Methods: Data was collected prospectively on all confirmed cases of M. ulcerans infection managed at Barwon Health Services, Australia, from 1/1/1998-31/12/2011. Paradoxical reactions were defined on clinical and histological criteria and cases were determined by retrospectively reviewing the clinical history and histology of excised lesions. A Poisson regression model was used to examine associations with paradoxical reactions.

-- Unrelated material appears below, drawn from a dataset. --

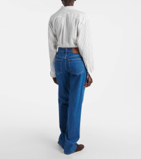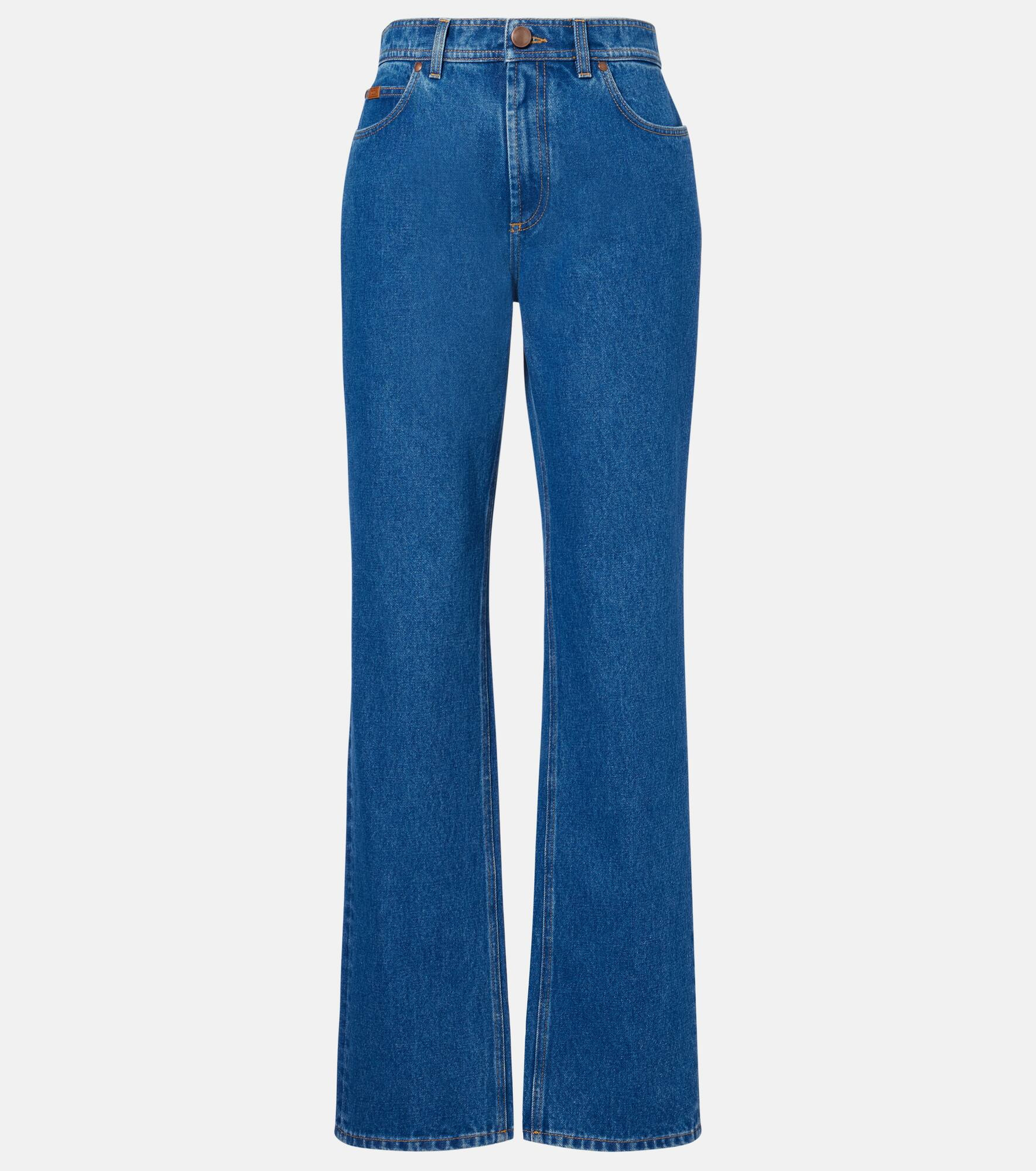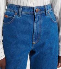 Tod's embodies the art of Italian craftsmanship with superior fabrications and timeless silhouettes that lend a sense of quiet sophistication. These jeans have a high-rise waist and straight legs. Product Details - Material: 100% cotton - Care instructions: machine wash at 30 degrees - Made in Italy - Designer color name: Bluette Medio - Item color: blue - Trim: 100% leather - Dye: medium - Pockets: five pockets - Belt loops - Closure: zipper fly, button fastening - Item number: P01069711 Size & Fit - Fits large to size - we recommend trying one size smaller - Non-stretchy fabric - Straight leg - High-rise - The model seen in the picture is 178cm-5'10" and wearing a size IT 38

Results: Thirty-two of 156 (21%) patients developed paradoxical reactions a median 39 days (IQR 20-73 days) from antibiotic initiation. Forty-two paradoxical episodes occurred with 26 (81%) patients experiencing one and 6 (19%) multiple episodes. Thirty-two (76%) episodes occurred during antibiotic treatment and 10 (24%) episodes occurred a median 37 days after antibiotic treatment. The reaction site involved the original lesion (wound) in 23 (55%), was separate to but within 3 cm of the original lesion (local) in 11 (26%) and was more than 3 cm from the original lesion (distant) in 8 (19%) episodes. Mycobacterial cultures were negative in 33/33 (100%) paradoxical episodes. Post-February 2009 treatment involved more cases with no antibiotic modifications (12/15 compared with 11/27, OR 5.82, 95% CI 1.12-34.07, p = 0.02) and no further surgery (9/15 compared with 2/27, OR 18.75, 95% CI 2.62-172.73, p < 0.001). Six severe cases received prednisone with marked clinical improvement. On multivariable analysis, age ≥ 60 years (RR 2.84, 95% CI 1.12-7.17, p = 0.03), an oedematous lesion (RR 3.44, 95% CI 1.11-10.70, p=0.03) and use of amikacin in the initial antibiotic regimen (RR 6.33, 95% CI 2.09-19.18, p < 0.01) were associated with an increased incidence of paradoxical reactions.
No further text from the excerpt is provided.